For Waad Zafer Hassan, the pen really is mightier than the sword. Originally from al Khalsa, Palestine, Waad has been accepted to the Manhattanville College, English Literature Program  on a full scholarship from the Daughter’s for Life Foundation. To Waad, education is the only weapon she has in hand, and after hearing about the DFL, she was not only proud to hear that the founder was from Palestine as well, but that she would be able to attain her long time dream of being a writer. “It was great news to me to see a Palestinian accomplish so much and with such a pure cause in mind.”

“The scholarship sounded too good to be true! Not only does it cover my education but it also has this ideal goal that is in sync with what I hope to do one day.”  Waad said. “I was ecstatic that such a prestigious and meaningful scholarship would be handed to me. A sense of relief was the first thing I felt when I heard the news. I am pretty proud of myself when I say I am a DFL scholar.” She added.
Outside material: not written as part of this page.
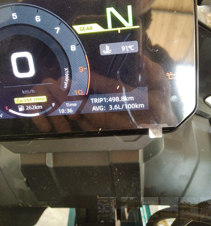 Опять же, расход по приборке 3,5л/100км. По-факту 3,7-3,8. Тоже отлично. Приборка, кстати, тоже офигительная. Цветной дисплей и я боялся, что на солнце нифига не разгляжу, как на телефоне. А вот фиг. При прямом солнце видно отлично. Лучше и быть не может. Ну, и понятно, что показывает всё, что должна: тахометр, спидометр, 2 одометра, средняя скорость и средний расход на КАЖДЫЙ из одометров. Оче удобно. Напряжение аккума, остаток пробега до смены масла, остаток топлива в км, часы.

Growing up in Lebanon with her two younger siblings, Waad found solace in books. “I think literature has a way of building a new world for everyone and that is magical. I literally spent my childhood in the library next to my house!” Waad’s passion for books leads her to writing, and she has competed in several translation and story-writing competitions.  She currently has over 60 poems posted online.

Being actively involved in social work as a child, Waad volunteered as an English instructor and taught basic language skills and poetry to Palestinian and Syrian children living in Palestinian camps in Lebanon. Apart from reading and writing, Waad enjoys down time with her friends, swimming and listening to music.

Waad was also very involved in her school’s extracurricular activities. She cites her work with the Model United Nations as the highlight of her high school career. “I loved this experience because it not only helped me stand in front of a crowd and gain public speaking skills, but to grow as a person.”

Waad believes everyone in the Middle East should aim to contribute to the development of the society, and that women specifically should contribute to the positive upbringing of future generations. Waad says she was raised to be aware of the situation around her, citing the lack of social and educational efforts for women and girls as one of her primary motives to apply to this scholarship. “The educational opportunity this scholarship offers will allow me to be a role model for the upcoming generations,” said Waad.

The last two weeks before departing to US were so overwhelming to Waad; it made the whole thing real and added the pressure of responsibility to the ongoing excitement. Arriving to campus was a sword with two edges for her, leaving home was never easy but it also meant the start of her journey in Manhattanville College. “I have a lot to accomplish and a message to pass” Waad concluded her talk.